Regressions for Experiment 2:

Frequency of syllable components predicting word-acceptability ratings.

Two sets of regression data are presented here. The first presents the results of regression analysis using the Splus package, for log frequency counts using the two most useful measures: D, which only counts consonants at the edges of words, and E, which only counts consonants that are not in clusters. The variables for this analysis are presented here.
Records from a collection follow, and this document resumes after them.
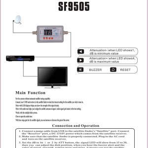 Componentes de alta calidad. Conectores anticorrosión Amplificador integrado que compensa la pérdida de inserción Medidor sensible para uso en línea; tamaño de bolsillo y peso ligero Con zumbador electrónico. Fácil operación, atenuación, tono de audio y retroiluminación Alimentado por el receptor, buena herramienta para campistas. Nota: funciona muy bien con señal de natación Directv HD; utiliza 2 baterías de litio de 1,5 V
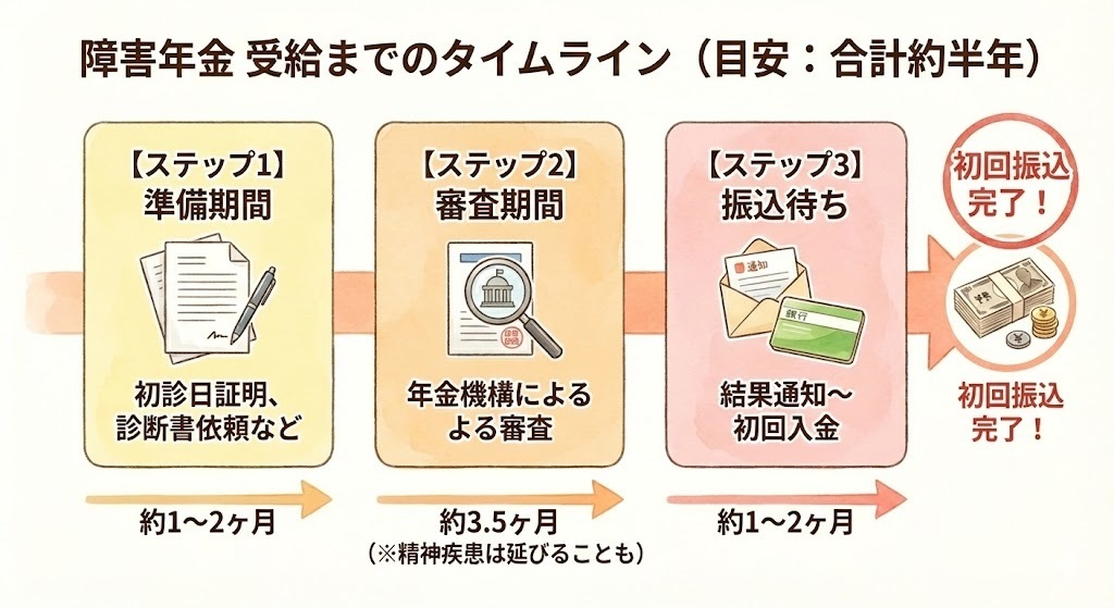 障害年金‗受給までのタイムライン(目安:合計約半年)
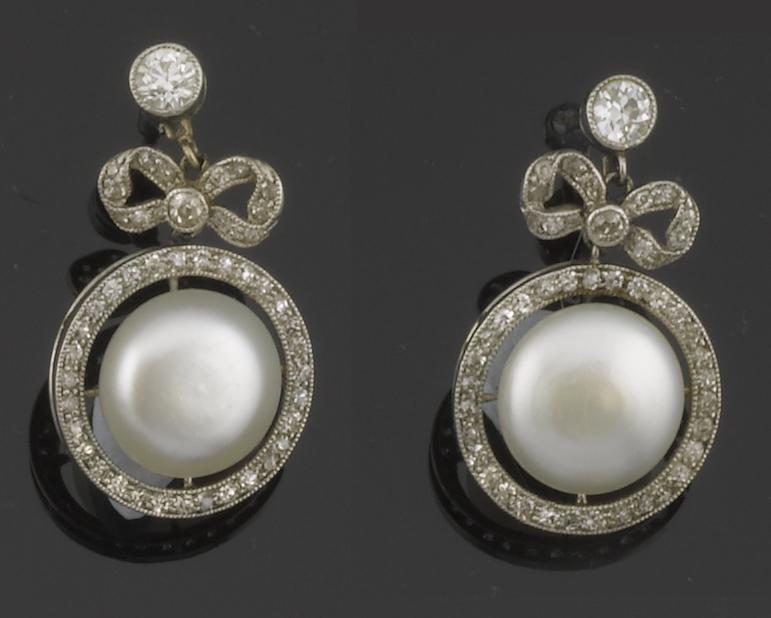 A pair of Edwardian pearl and diamond drop earrings. The button pearls measure 9.4mm and 9.3mm diameter set within a surround of small cushion shaped diamonds and suspend from diamond bows. With pearl report number 0911/17 stating that both are natural pearls. With case by Tessier.
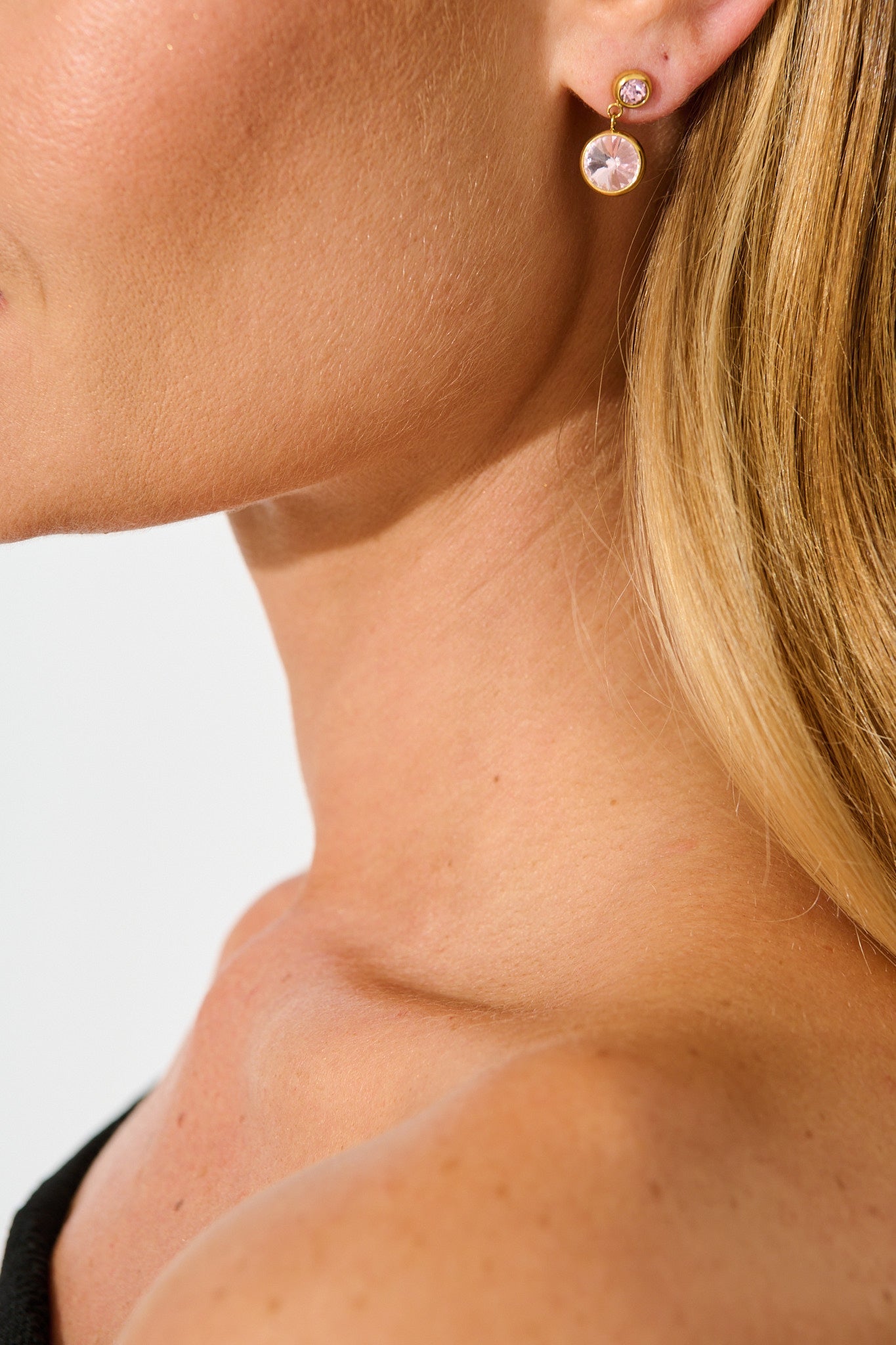 Nina Drop Earrings in 18k Gold Plated with Blush Stones

The second set of data gives a more detailed analysis of one or two variables at a time.

One way of deciding whether speakers are sensitive to the frequency of rimes is to perform linear regressions to see how well the frequencies can predict the word-likeness ratings assigned by the subjects in Experiment 2. I compare that with the predictive power of the other variables, because they are heavily correlated with each other. The variables considered were H, frequency of the head; Rime; Shell (onset with coda); Onset; Vowel; and Coda. Frequencies were taken from a list of the monomorphemic monosyllabic words in the Random House Dictionary, 2nd edition.
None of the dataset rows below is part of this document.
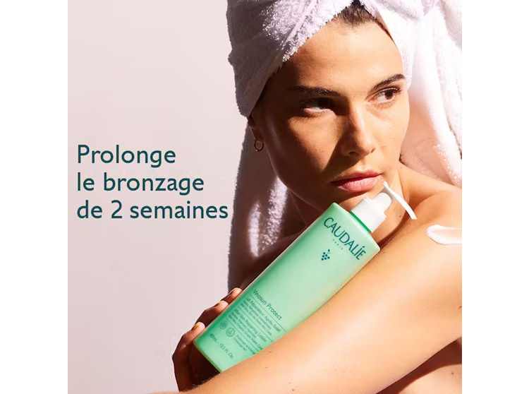 Visage et corps, le Lait Réparateur Après-Soleil Vinosun Protect nourrit, répare et apaise les peaux échauffées après chaque exposition au soleil tout en prolongeant le bronzage de 2 semaines. Enrichi en extrait d'aloe vera, sa texture non collante offre une sensation immédiate de fraîcheur et laisse la peau douce, hydratée et délicatement parfumée.
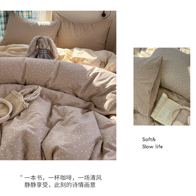 当前位置: 91家纺网 > 商品网购 > 床品套件 > 四件套 > 全棉普通四件套 > XIWEN-希文家纺 2026春夏新款40支全棉纯棉13372小清新印花四件套 浅爱
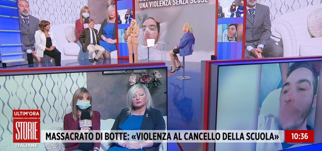La dirigente scolastica, riferisce l’inviata del programma, dice di non avere ricevuto informazioni dall’autorità giudiziaria e la mamma dell’adolescente picchiato afferma: “Lei e la vicepreside ci hanno contattato per avere informazioni sulle condizioni di salute del nostro figlio. Credo che la preside non si sia esposta più di tanto per non creare una situazione destabilizzante per la scuola…”. Il padre del ragazzo, Fabio, ha inoltre aggiunto che Emanuele ha ricominciato oggi a frequentare le lezioni per mezzo della didattica a distanza, perché “non se la sente di tornare in quel luogo, ma anche fisicamente non è ancora in grado di riprendere”.
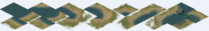 生成这张图的方式也很巧妙,本来是打算让美术手帖,感谢一个灵性老哥的提(zhi)醒(dian),使用tiledmap建立交错地图,利用tiledmap拼成想要的样子,然后导出为图像,需要注意的是根据uv坐标系,需要从左上角开始铺图,另外还有一个问题注意边界问题,假设图宽为2048,那么你一行最好是放7张set,为什么呢,细心的你会发现偶数行的贴图其实是前一行贴图的右下偏移。
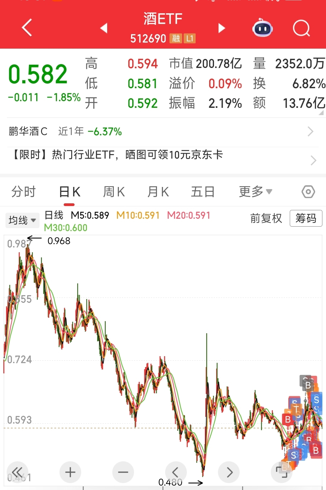 $酒ETF(SH512690)$ 好久没发了,因为白酒让我心痛,心情不好,不好开心。大家都在牛市赚钱。我却在白酒躲牛市,不进步赚钱。还亏钱
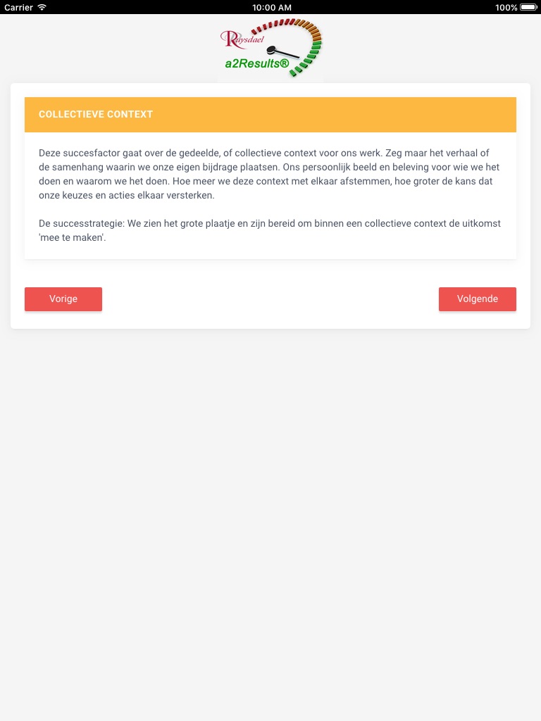 The Ruysdael Success factor scan app helps you explicate underlying personal perceptions and determines interventions that lead to acceleration towards successful results.
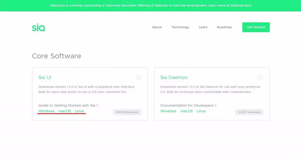 Krok 1: Prejdite na stránku aplikácie Sia (presmerovanie tu). Na stránke vyberte svoj operačný systém, po kliknutí na jeden z troch systémov sa spustí sťahovanie.
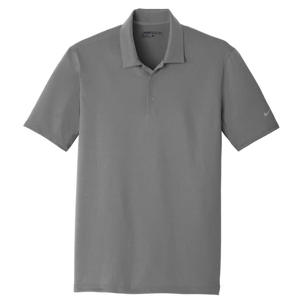 Before the next corporate golf tournament, order the logoed Nike Men's Dark Grey Dri-Fit Legacy Polo to make a fashionable statement that professional peers will notice. Make the attention work for your company by attaching your corporate logo on the large imprint area. Proprietary Dri-FIT technology wicks discomfort away all-day long. The subtle, grid-like texture complements the visually appealing open hem sleeves, self-fabric collar, and dyed-to-match buttons. Wear the versatile polo on the links and afterwards during the awards show. The classic Nike swoosh logo on one side of the chest complements the stylish corporate logo you attached on the other side.
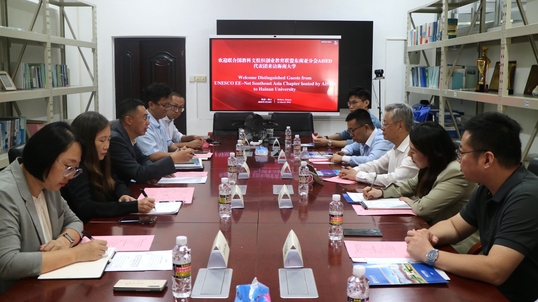 2026年3月24日下午,联合国教科文组织创业教育联盟(UNESCO EE-Net)东南亚分会亚洲可持续发展、创业与外交研究院(AiSED)主席、拿督谢锦成一行6人访问海南大学,并在海甸校区行政楼107A会议室举行座谈会。海南大学党委常委、副校长岳文出席会议。

It was not however immediately clear what sort of measures to use. Should the frequencies be weighted by word frequencies (Token counts) or not (Types)? Should the frequencies be on a log scale or not (Raw)? And what are the relevant comparanda? For example, when figuring the relevant frequencies in /syg/, should the frequency of /s/ be calculated based on the frequency of /s/ anywhere in the word? Only /s/ that appear in onsets? Only /s/ that appear immediately before vowels? Only /s/ that appear at the beginning of words? Only /s/ that occur as the entire onset of a word? To address this question, the frequencies are computed in 5 different environments, labelled A-E:

A: Count phones as they appear anywhere in the word. For pairs, this may even result in counting pairs that occur in the wrong order. Thus for /syg/, the frequency for /yg/ will include words that have /gy/ in them, for example.
B: Count phones that occur in the appropriate part of the syllable. For /syg/, count /s/ occurring anywhere in the onset, /g/ anywhere in the coda, even if they appear in clusters.
C: Count consonants that occur only in the appropriate part of the syllable, adjacent to the vowel.
D: Count consonants that occur only in the appropriate part of the syllable, at the beginning or end of a word.
E: Count consonants that only occur in the appropriate part of the syllable, but not in clusters.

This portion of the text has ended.